I spend a lot of time listening to people talk about money.
As a financial planner I spend Monday through Friday sitting in a modern white oak furniture-laced office listening to intentionally underdressed wealthy people talk about retirement accounts, estate planning, and trusts for their kids.
I volunteered part-time for a summer at a transitional housing center talking to people who are struggling with homelessness about rent, food, childcare and the basic building blocks of their financial life.
And I teach a budgeting class for mostly middle-class folks in a church classroom.
I even spent a couple of weeks teaching men and women in Zambia who were wearing America’s used business shirts and slacks to how to start and run small businesses.
And listening to such a large range of people talk about money I hear one common theme over and over again: “money corrupts good people”
Usually I hear this phrase as it relates to people blaming money for other people’s decisions. Also, most of us have heard something like this: “So-and-so used to be a great guy, but then once he started making lots of money, he became a real monster.”

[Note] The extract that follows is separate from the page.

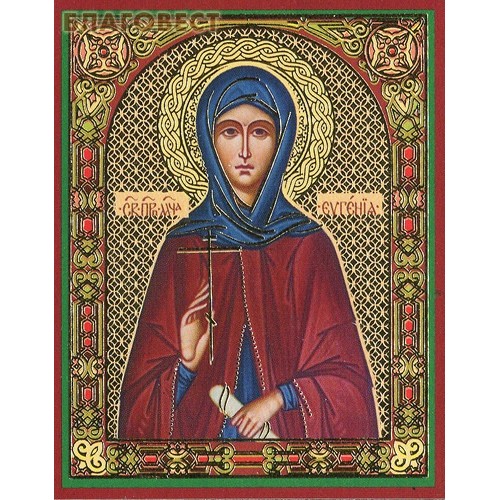 Святая Евгения - римлянка, дочь знатных родителей-язычников. Прекрасно образованная, с привлекательной внешностью, Евгения легко могла бы устроить свое счастье, выйдя замуж за одного из знатнейших людей своего круга, но она не увлекалась мечтами о замужестве. Ее любимым занятием было чтение книг о далеком прошлом Римской империи. Однажды во время вечерней прогулки за городом, она услышала пение христиан, которое произвело на нее сильное впечатление. С этого вечера начались тайные прогулки Евгении к христианам. И чем больше она узнавала о Христе, тем большей любовью горело к Нему ее сердце.

But I have spent too much to talking about money and managing investments to believe it. Here’s the bottom line: Money doesn’t make people do anything. In fact, money doesn’t do anything. Period.
I see money like a chainsaw. It’s a very powerful tool. A single worker can clear an acre making the way for roads or farmland. A father can defend his family with it. It can do a great deal of good for individuals and society — or it can do a great damage. A chainsaw in the hands of an inexperienced worker can leave him paralyzed. And there is always the classic chainsaw massacre story.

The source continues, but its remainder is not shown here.